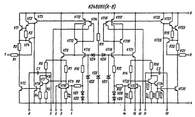 Принципиальная схема линейного усилителя (несимметричное включение микросхемы К548УН1 (А-В), Kу,U = (R3+R2)/R2 --------------------------------------------- Описание Микросхема представляет собой малошумящий двухканальный усилитель для предварительного усиления сигналов частотой до 1 МГц. Предназначена для применения в высококачественной стереофонической бытовой и студийной аппаратуре записи и воспроизведения звука, а также радиоизмерительной аппаратуре. Микросхема имеет малые шумы и нелинейные искажения, внутреннюю частотную коррекцию и защиту от коротких замыканий. Корпус типа 201.14-1. Масса не более 1,5 г. Назначение выводов: 1 — вход неинвертирующий 1 -го канала; 2—вход инвертирующий 1 -го канала; 3—общий эмиттер дифференциального каскада 1-го канала; 4—общий (-Uп); 5, 6—коррекция 1 -го канала; 7—выход 1 -го канала; 8—выход 2 -го канала; 9—питание (+Uп); 10, 11—коррекция 2 -го канала; 12—общий эмиттер дифференциального каскада 2 -го канала; 13—вход инвертирующий 2 -го канала; 14—вход неинвертирующий 2 -го канала.
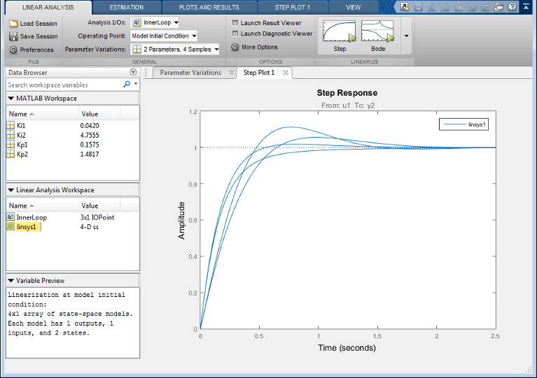 После определения вариаций параметров и набора операций ввода-вывода анализа для внутреннего цикла выполните линеаризацию модели и изучите график ответа шага. Щелкните
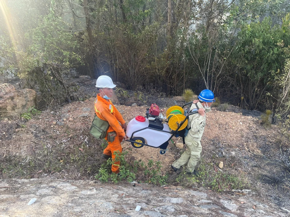 Ngay sau khi nhận được thông tin có xảy ra cháy rừng, đơn vị đã huy động lực lượng và phương tiện đến hiện trường tham gia phối hợp với lực lượng PCCC tỉnh tiến hành dập lửa.
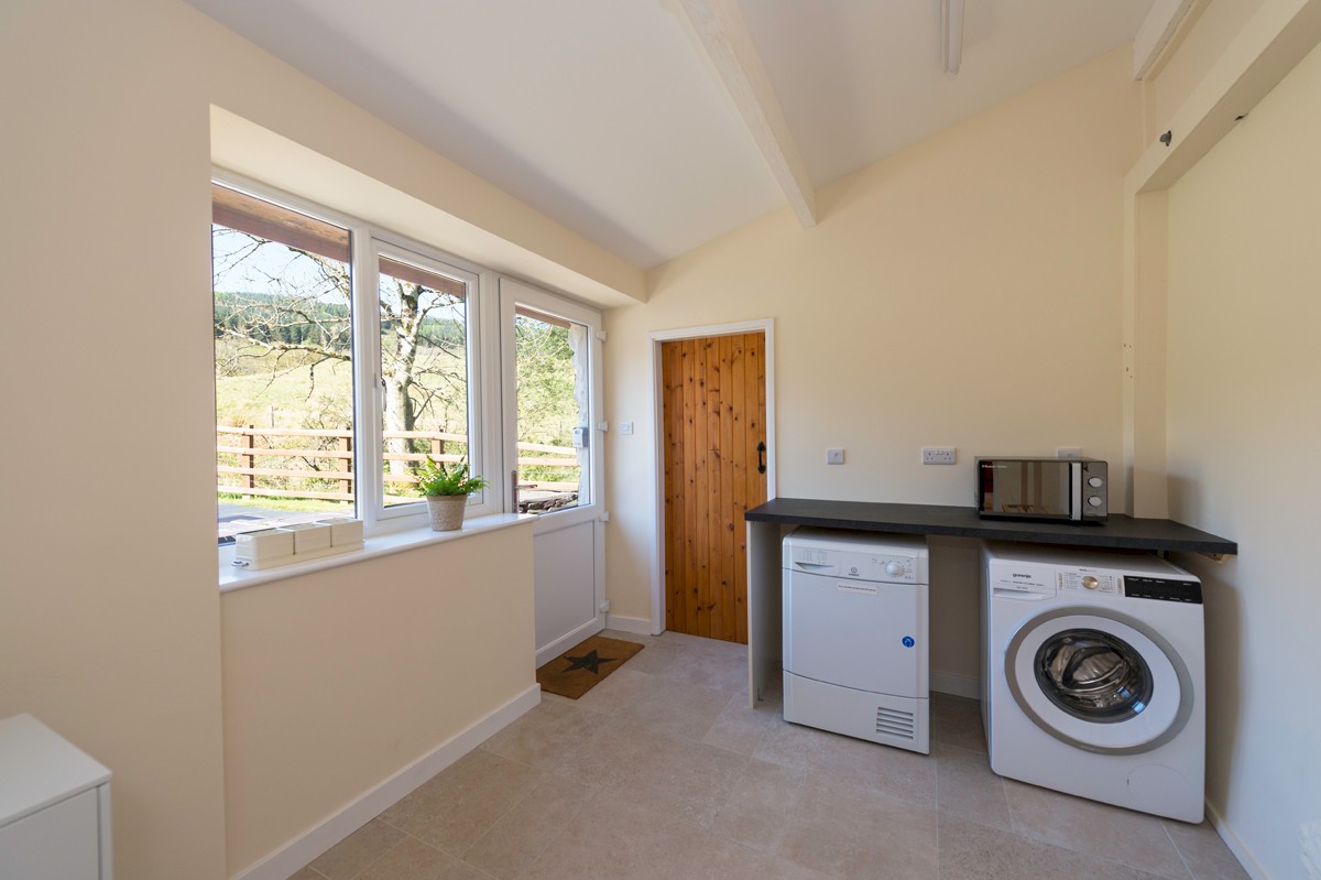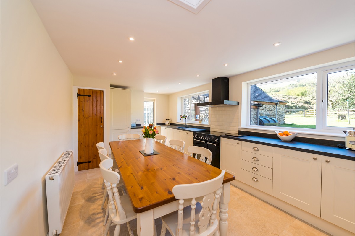 The kitchen diner with an electric range cooker and long table offers ample space for family meals boasting views of Mynydd Mawr Mountain. The adjoining utility room is an ideal space for drying coats and muddy walking boots. Through the kitchen into the conservatory this offers comfortable seating and relaxing space to admire the stunning scenery whilst watching the sheep grazing and lambs pranking in the spring evenings.

What to produce:
Restate the listing word for word. Pictures do not belong in the copy.

Exercise answer:
 Принципиальная схема линейного усилителя (несимметричное включение микросхемы К548УН1 (А-В), Kу,U = (R3+R2)/R2 --------------------------------------------- Описание Микросхема представляет собой малошумящий двухканальный усилитель для предварительного усиления сигналов частотой до 1 МГц. Предназначена для применения в высококачественной стереофонической бытовой и студийной аппаратуре записи и воспроизведения звука, а также радиоизмерительной аппаратуре. Микросхема имеет малые шумы и нелинейные искажения, внутреннюю частотную коррекцию и защиту от коротких замыканий. Корпус типа 201.14-1. Масса не более 1,5 г. Назначение выводов: 1 — вход неинвертирующий 1 -го канала; 2—вход инвертирующий 1 -го канала; 3—общий эмиттер дифференциального каскада 1-го канала; 4—общий (-Uп); 5, 6—коррекция 1 -го канала; 7—выход 1 -го канала; 8—выход 2 -го канала; 9—питание (+Uп); 10, 11—коррекция 2 -го канала; 12—общий эмиттер дифференциального каскада 2 -го канала; 13—вход инвертирующий 2 -го канала; 14—вход неинвертирующий 2 -го канала.
 После определения вариаций параметров и набора операций ввода-вывода анализа для внутреннего цикла выполните линеаризацию модели и изучите график ответа шага. Щелкните
 Ngay sau khi nhận được thông tin có xảy ra cháy rừng, đơn vị đã huy động lực lượng và phương tiện đến hiện trường tham gia phối hợp với lực lượng PCCC tỉnh tiến hành dập lửa.
 The kitchen diner with an electric range cooker and long table offers ample space for family meals boasting views of Mynydd Mawr Mountain. The adjoining utility room is an ideal space for drying coats and muddy walking boots. Through the kitchen into the conservatory this offers comfortable seating and relaxing space to admire the stunning scenery whilst watching the sheep grazing and lambs pranking in the spring evenings.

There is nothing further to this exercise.